The future of vertical living: Upper House by Koichi Takada Architects

Australia

Upper House embodies a shift in residential architecture in which the well-designed home extends beyond the detached house. Koichi Takada Architects designed the residency to challenge traditional notions of desirable living spaces in the modern era.


Using a site’s environment as precedent is an overarching and indefatigable theme in Koichi Takada Architects’ oeuvre. I remember wondering what would replace the defunct and dearly beloved Fish House restaurant on the Gold Coast many years ago, and then discovering Koichi Takada Architects’ design proposal for Norfolk residency with the inspiration for its modern sculptural façade drawn from the surrounding context (namely the pinecones).

In the case of the Upper House, the form and façade reference the buttress root system of the native Moreton Bay Fig which stabilises and anchors the tree.

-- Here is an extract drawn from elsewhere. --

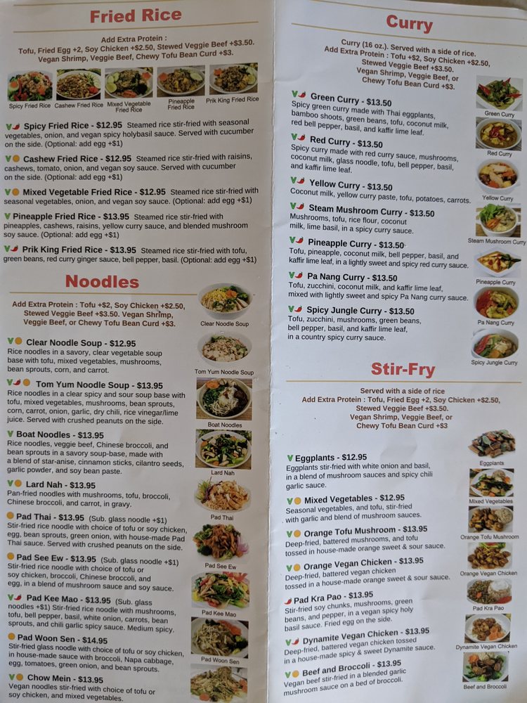 Tofu, zucchini, coconut milk mixed with lightly sweet and spicy Pa Nang curry sauce. Served with a side of rice. Vegan.

“The architectural form of Upper House draws inspiration from the Moreton Bay Fig, with ‘architectural roots’ taking us on a journey from our ancient past at its base, up to the future of vertical living. Topped with biodiverse outdoor areas, a wellbeing retreat and a social hub, Upper House addresses what is referred to as connection deficit,” says architect, Koichi Takada.

Related: Magy Apartment by Atelier Tao+C

Located in the urban landscape of South Brisbane, Upper House signifies the first completed collaboration between Aria Property Group and Koichi Takada. The project is residential embodiment of how intricately designed and considered homes aren’t solely defined by detached houses. Although the multi-residential project boasts 188 apartments over 33 storeys, the commitment level to modern demands – connection to nature, quality of design, resident wellbeing and environmental sustainability – is prevalent.

Each apartment comprises an outdoor balcony and an orientation that provides privacy and verdant views of the CBD, from the east to the mountainous greenspace in the west. The staggered balcony protrusions balance natural light and shade and accommodate natural ventilation in the sub-tropical climate.

The organic, sculptural façade is an immersive and interactive representation of Bloodlines Weaving String and Water (2023), an artwork by Australian artist Judy Watson at the building’s podium. It is a perforated metal, folded and backlit artwork that brings to life Indigenous history and traditional narrative.

“Lines of light crisscross the river and the land. Local routes follow Aboriginal walking tracks. They are the bloodlines that pull us to Country and culture,” says Watson. Her artistic expression of Indigenous history lays the foundation and fosters a sense of inclusion among residents, opening a dialogue about Australia’s past.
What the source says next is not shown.